Now John Cena shows us that you should never get in a car with him.
Seriously, dangerous driving isn't setting a good example for the little kids out there.
Jim Ross thinks the WWE title has been defended at every WrestleMania. I guess he didn't watch the first one. Then he says "it has been defended 15 times." More like 4. Did he mean it has changed hands? Because that is actually 17. Fuck off.
Like every main event, the referee gets knocked out. And like every match in WWE during this time, both guys are bleeding. Michaels destroys Cena's leg but of course Cena gets magically better and completely no sells it. Then acts like the match has just started. He is such a pro. No wonder the crowds love him.
Winner = John Cena via submission
6/10

John Cena celebrates while his rapping plays us out.

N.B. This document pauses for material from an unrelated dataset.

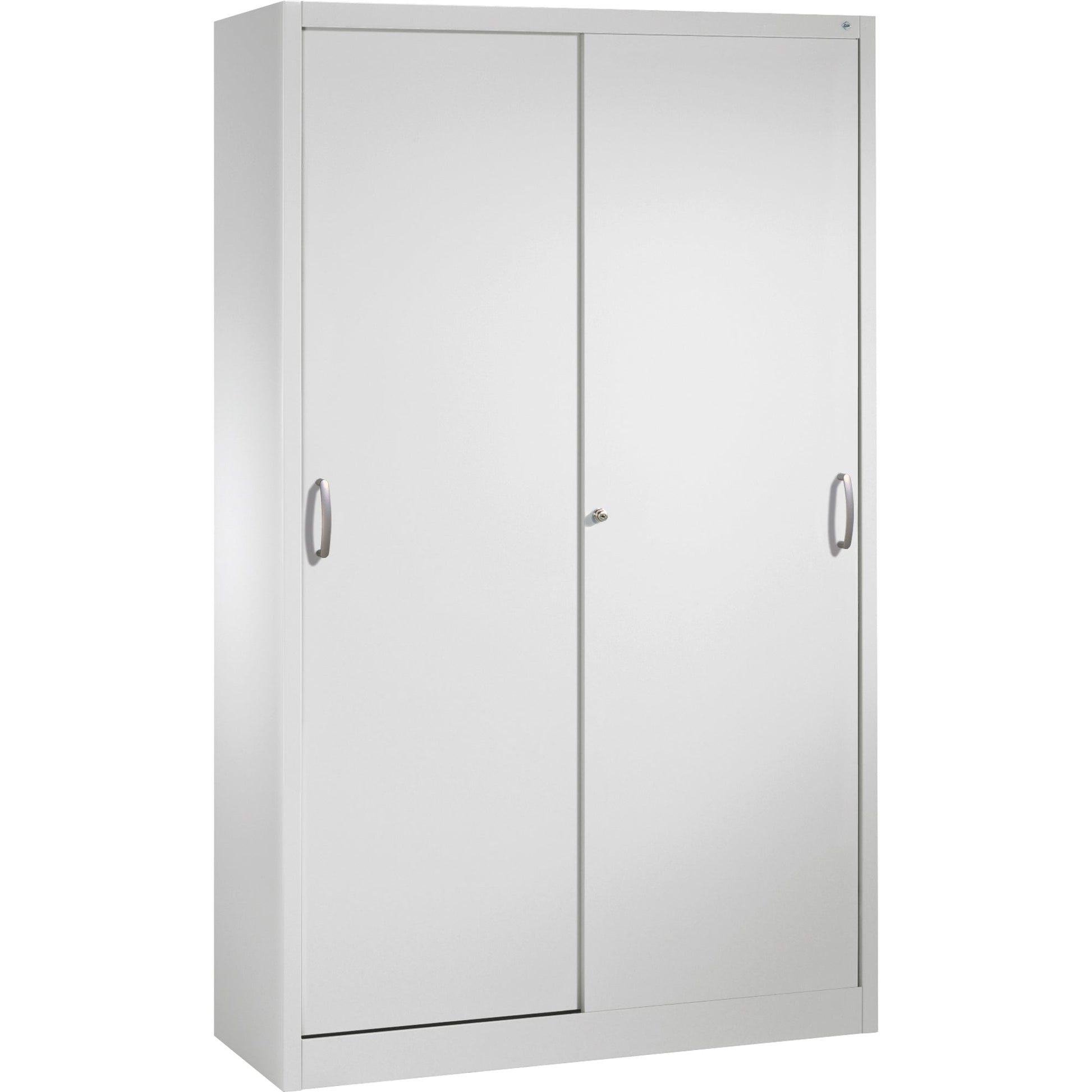 lichtgrauStahl-Schiebetürenschrank Serie 2000. Türen mit Leichtlaufrollen in spezieller Schienenführung. Einlegeboden verzinkt mit hoher Traglast. Ergonomischer Griff für einfache Bedienung. Achtung: Anlieferungsmöglichkeit durch Sattelschlepper muss gegeben sein.

WrestleMania XXIII: The Awards

  1. Best Match
    The Undertaker vs Batista
    Not at all what I expected but it was very entertaining.
  2. Worst Match
    Kane vs The Great Kahli
    Are there actually people out there that kind of garbage entertaining?
  3. Highlight of the Show
    Layla.
    Just general Layla.
  4. Lowlight of the Show
    Every single one of those "now I'm all grown up" video packages. I don't care about little kids pretending to be wrestlers, or any lies these wrestlers want to tell to make them sound way cooler. You all sounded like teenagers trying to prove to your parents you are adults now. You may as well have started them by calling your parents by their first names.
  5. Star of the Show
    I guess John Cena, though you wouldn't know it by the crowd reaction. I'm sure Jim Ross would try and tell you Shawn Michaels.
  6. Best Celebrity Appearance
    Alan Partridge. AH-HA!
    Wait, you mean that really wasn't Alan Partridge? Well, OK then...
    Tara Connor, former Miss USA who accompanied Donald Trump tonight. It isn't that she is hot or did anything awesome, I just don't want to give it to Donald Trump.
  7. Worst Celebrity Appearance
    Donald Trump for his terrible Alan Partridge impersonation.
  8. Tonight's Meal
    Tonight was a return to the good stuff; carrot hummus, kale, red onion, cucumber, capsicum, tomato and falafel, topped with garlic & yoghurt and sweet chilli sauces. Delicious, though I did miss the avocado. Might try with mushrooms next time as well. I had Pepsi Next, followed by Pepsi Max because I am still falling asleep and struggling to type this without making a quadrillion mistakes. The Reeses' Chips Ahoys are wonderful. I should have had these all along.
  9. T-Shirt Cleanliness
    There is none. I fear the stains may dissolve this shirt before I hit WrestleMania 31. Or maybe dissolve my skin.
  10. Overall Score
    Another mix of good with boring. I'm sure this show had potential to be entertaining, but by Prime am I sick to death of being told what to like by the commentators - especially when they have no fucking clue what they are saying half the time. How hard is it to get your facts right before opening your mouths? And we've really hit the period where all the matches are done in the same way and the same things happen. Maybe I"m being unfair. Maybe I would have enjoyed it better if I wasn't so tired and actually gave more than a sixteen-thousandth of a shit about what was happening, but that's not how this worked out so go cry to Vince McMahon about it.